=== Begin Enclosure ===
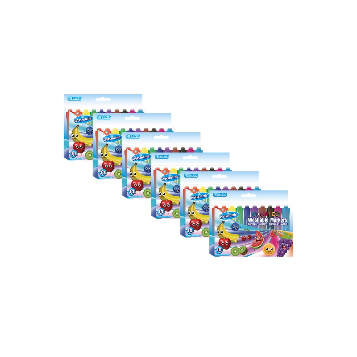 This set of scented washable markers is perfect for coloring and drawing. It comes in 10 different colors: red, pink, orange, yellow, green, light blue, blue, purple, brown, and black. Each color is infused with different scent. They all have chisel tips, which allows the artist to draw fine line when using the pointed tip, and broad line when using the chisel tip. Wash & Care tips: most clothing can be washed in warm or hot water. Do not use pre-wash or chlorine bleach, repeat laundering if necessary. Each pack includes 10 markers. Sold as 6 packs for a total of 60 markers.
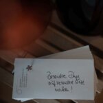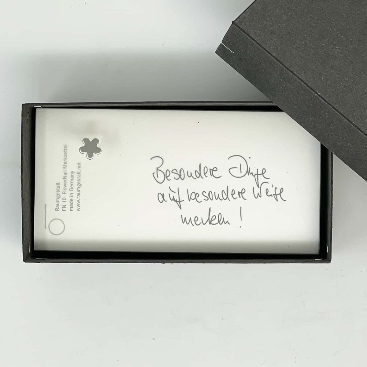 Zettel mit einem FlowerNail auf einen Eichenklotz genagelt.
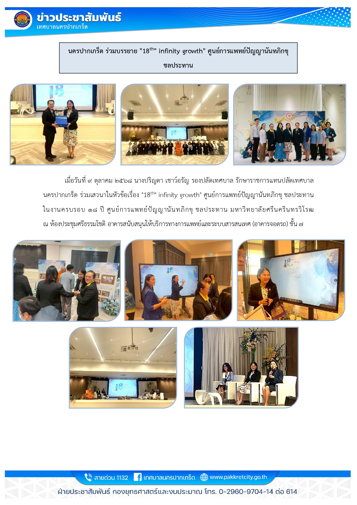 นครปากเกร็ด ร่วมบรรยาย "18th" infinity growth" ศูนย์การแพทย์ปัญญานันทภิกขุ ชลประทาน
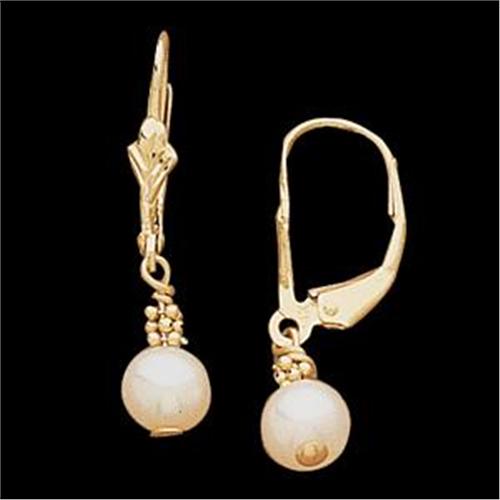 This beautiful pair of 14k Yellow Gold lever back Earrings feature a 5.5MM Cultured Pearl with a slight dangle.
=== End Enclosure ===
- Task to complete -
Hand back the data above exactly, leaving out all pictures.

- Response area -
 This set of scented washable markers is perfect for coloring and drawing. It comes in 10 different colors: red, pink, orange, yellow, green, light blue, blue, purple, brown, and black. Each color is infused with different scent. They all have chisel tips, which allows the artist to draw fine line when using the pointed tip, and broad line when using the chisel tip. Wash & Care tips: most clothing can be washed in warm or hot water. Do not use pre-wash or chlorine bleach, repeat laundering if necessary. Each pack includes 10 markers. Sold as 6 packs for a total of 60 markers.
 Zettel mit einem FlowerNail auf einen Eichenklotz genagelt.
 นครปากเกร็ด ร่วมบรรยาย "18th" infinity growth" ศูนย์การแพทย์ปัญญานันทภิกขุ ชลประทาน
 This beautiful pair of 14k Yellow Gold lever back Earrings feature a 5.5MM Cultured Pearl with a slight dangle.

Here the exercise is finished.